# Tutorial 1: ACS PUMS Microdata Analysis

This tutorial demonstrates analyzing person-level microdata from the American Community Survey (ACS) Public Use Microdata Sample (PUMS).

**Goal:** Get age and sex data for adults in California and Texas, then create weighted frequency tables stratified by state.

## Setup

In [7]:
import os
from cendat import CenDatHelper
from dotenv import load_dotenv

# Load your API key from environment
load_dotenv()
cdh = CenDatHelper(years=[2022], key=os.getenv("CENSUS_API_KEY"))

✅ Years set to: [2022]
✅ API key loaded successfully.


## Step 1: Find and Select the PUMS Product

In [8]:
# Search for the ACS 1-year PUMS product
# The \b ensures we match the exact endpoint, not subpaths
cdh.list_products(patterns=r"acs/acs1/pums\b")
cdh.set_products()

✅ Product set: '2022 American Community Survey: 1-Year Estimates - Public Use Microdata Sample (2022/acs/acs1/pums)' (Vintage: [2022])

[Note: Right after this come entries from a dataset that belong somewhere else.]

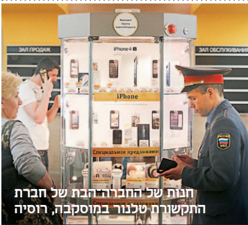
נחות של החברה הבת של חברת התקשורת טלנור במוסקבה, רוסיה
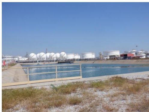
บ่อรวบรวมน้ำฝนที่มีโอกาสปนเปื้อน (Potentially Contaminated Storm Water Holding Pond)
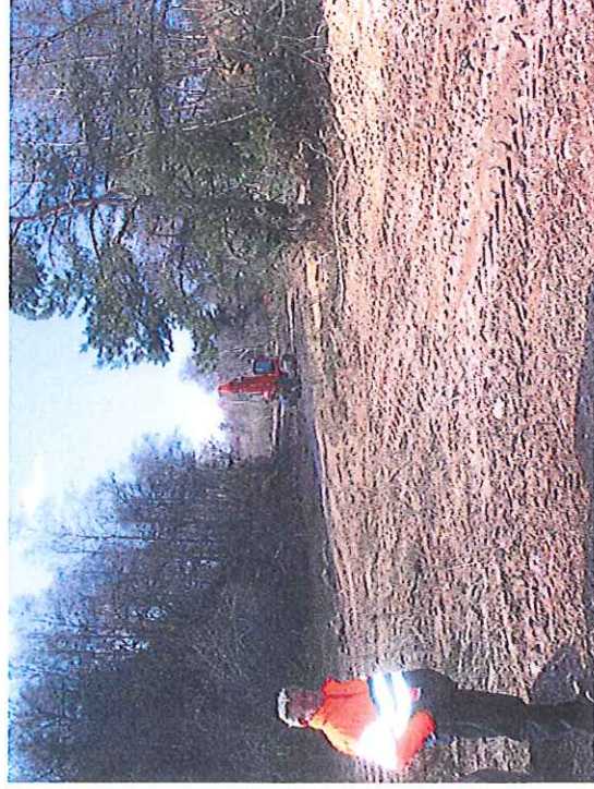
Vue de la piste allant vers la MCO

## Step 2: Select Geography and Variables

In [9]:
# For PUMS, geography is simpler—we just need "state"
cdh.set_geos(values="state", by="desc")

# Select the variables we need:
# - SEX: Person's sex
# - AGEP: Person's age
# - ST: State code
# - PWGTP: Person weight (crucial for microdata!)
cdh.set_variables(names=["SEX", "AGEP", "ST", "PWGTP"])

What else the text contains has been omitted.